SUPPLIED MATERIAL:
************

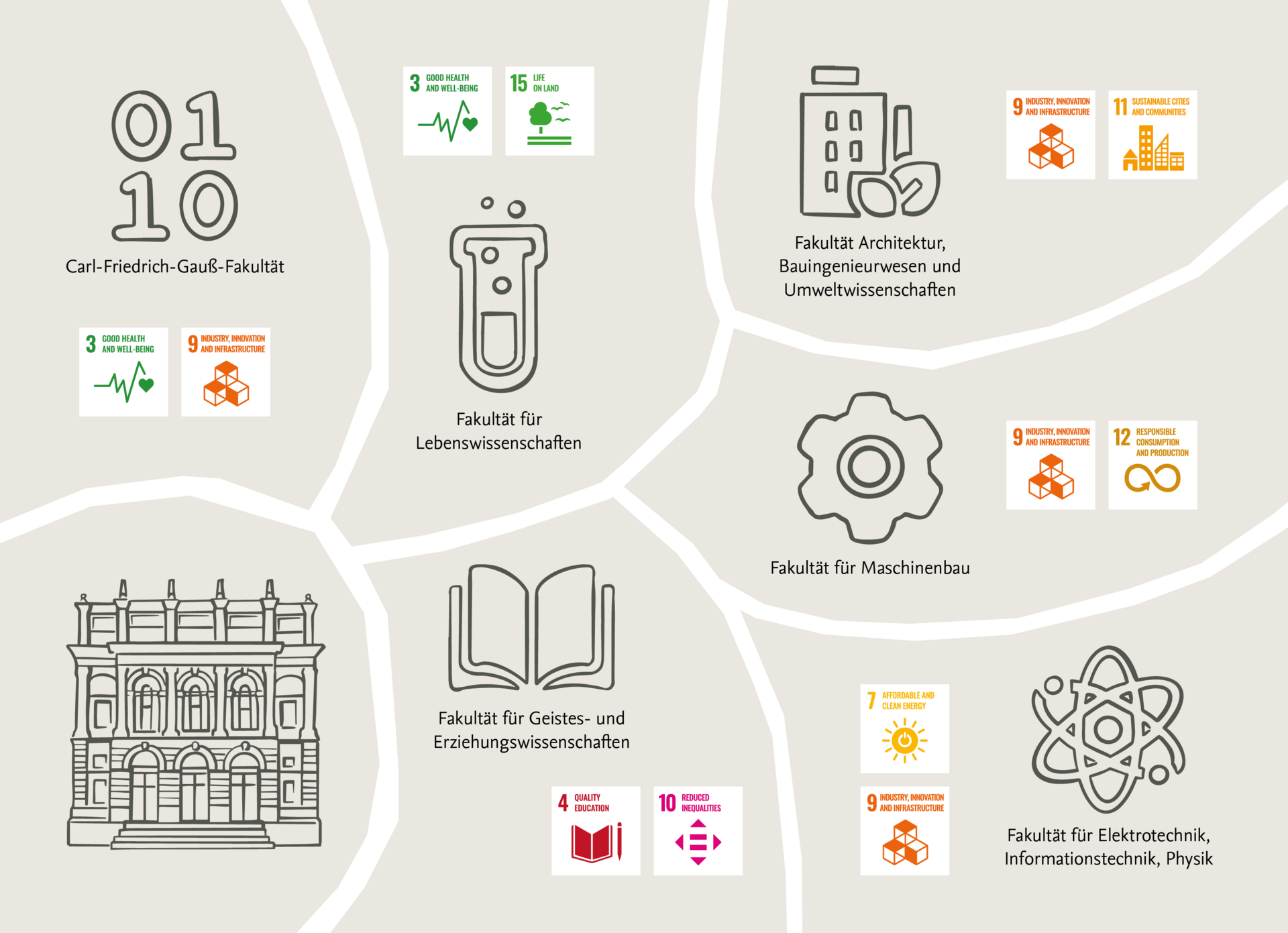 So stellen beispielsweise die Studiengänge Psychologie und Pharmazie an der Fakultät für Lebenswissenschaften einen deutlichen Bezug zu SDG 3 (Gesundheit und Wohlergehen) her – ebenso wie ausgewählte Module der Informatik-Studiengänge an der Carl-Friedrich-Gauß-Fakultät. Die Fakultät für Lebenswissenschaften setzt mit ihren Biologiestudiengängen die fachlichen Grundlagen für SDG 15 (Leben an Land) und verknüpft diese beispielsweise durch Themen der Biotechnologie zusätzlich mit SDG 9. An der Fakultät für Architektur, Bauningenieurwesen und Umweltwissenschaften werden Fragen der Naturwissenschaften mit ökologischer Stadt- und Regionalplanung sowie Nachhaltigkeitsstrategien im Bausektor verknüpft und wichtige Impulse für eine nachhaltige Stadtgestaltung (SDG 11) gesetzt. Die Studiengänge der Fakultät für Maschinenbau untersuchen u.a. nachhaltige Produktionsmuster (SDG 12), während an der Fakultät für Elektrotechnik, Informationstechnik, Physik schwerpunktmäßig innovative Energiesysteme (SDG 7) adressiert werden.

************

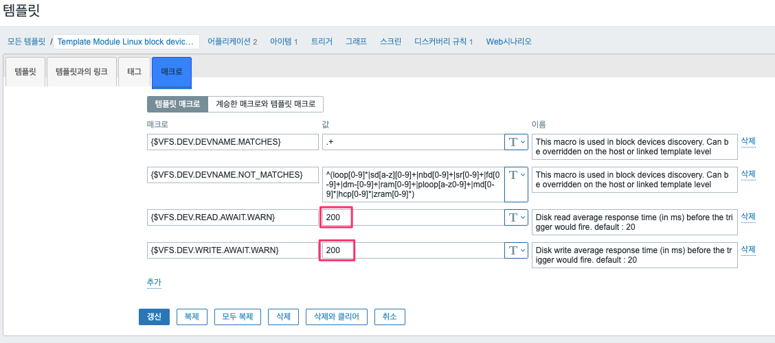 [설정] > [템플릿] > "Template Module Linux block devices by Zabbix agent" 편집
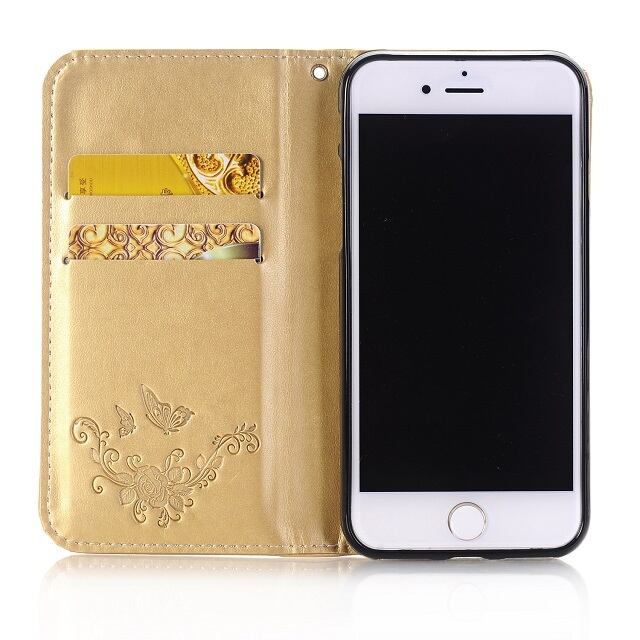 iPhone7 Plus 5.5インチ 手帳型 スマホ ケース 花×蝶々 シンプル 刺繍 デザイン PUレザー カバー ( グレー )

************

TASK DESCRIPTION:
Please repeat the lines of the material above exactly, starting with the line that contains "[설정] > [템플릿]" and ending with the line that contains "iPhone7 Plus 5.5インチ". Leave the pictures out.

THE ANSWER:
 [설정] > [템플릿] > "Template Module Linux block devices by Zabbix agent" 편집
 iPhone7 Plus 5.5インチ 手帳型 スマホ ケース 花×蝶々 シンプル 刺繍 デザイン PUレザー カバー ( グレー )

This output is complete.